Besides the mediation of glucose and lipid metabolism, KD may also benefit other clinical symptoms in diabetic patients, including insomnia, chills, constipation, pruritus, numbness of limbs, hypopsia, fatty liver, hypertension, and reduced cardiac function.

The potential side effects of KD were only mentioned in two of the studies14,41 included in the meta-analysis; thus it is impossible to perform a systematic review in terms of the risks associated with KD consumption. Specifically, Goday and Leonetti’s14,41 study investigated the adverse reactions of KD. Goday et al.41 mentioned that fatigue, headache, nausea and vomiting were more common in the KD diet group after a 2-week intervention, while constipation and orthostatic hypotension were more common after 10 weeks. It was revealed by Leonetti et al.14 that in the early stages of applying the KD, patients reported a sense of hunger, but it could be significantly alleviated with the progress of the intervention. Even though headache, nausea, vomiting, constipation, diarrhea, and other symptoms were reported during the study, the symptoms were mild and lasted for a short time, not relating to clinical practice.

Limitations

Only 13 studies were included in the current analysis, with limited studies focusing on the effect of KD in patients with T2DM worldwide. For instance, no analysis was conducted on HOMA-IR even though there was a trend of improvement; also, very limited literature was available. All studies included in this meta-analysis were carried out among Caucasian diabetic patients (no East Asians included); however, the majority of East Asian diabetic patients showed insulin resistance with central obesity and defect in insulin secretion.
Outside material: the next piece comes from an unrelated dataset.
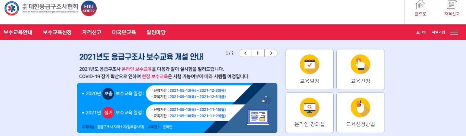 응급구조사 온라인 보수교육을 신청할수 있는 홈페이지 입니다.

Therefore, clinical trials conducted among East Asians are highly desirable to confirm whether there is an improvement in the secretion function of islet cells other than improved regulation of glucose and lipid metabolism. Moreover, the current study analyzed the data without assigning studies into time duration due to the limited number of studies and the missing data of insulin and lipid biomarkers; in addition, the duration of the follow-up was decentralized into days, months, and years. The available studies concerning the effects of ketogenic diet in patients with diabetes are very limited; it is impossible to summarize a similar follow-up interval for statistical analysis of time points. However, the current results suggested that ketogenic diet consumption contributed to therapeutic effects despite the length of the term of intervention. The analysis of the difference before and after the intervention may also give credit to the clinical efficacy of the diet therapy. In current clinical practice, a majority of the patients have to use a combination of multiple drugs to improve their glycolipid metabolism. Drug therapy is a heavy mental and economical burden to patients. Given the fact that most of the patients are confused regarding a proper dietary therapy plan, it is essential to recommend a feasible dietary therapy plan to transmit a positive message to both patients with diabetes and physicians majored in the area of diabetes.

Conclusion

Based on a meta-analysis that systematically reviewed 13 relevant studies, we found that ketogenic diet can not only control fasting blood glucose and reduce glycosylated hemoglobin, but also improve lipid metabolism. Additionally, ketogenic diet can reduce BMI and body weight. Therefore, ketogenic diet may be used as part of the integrated management of type 2 diabetes.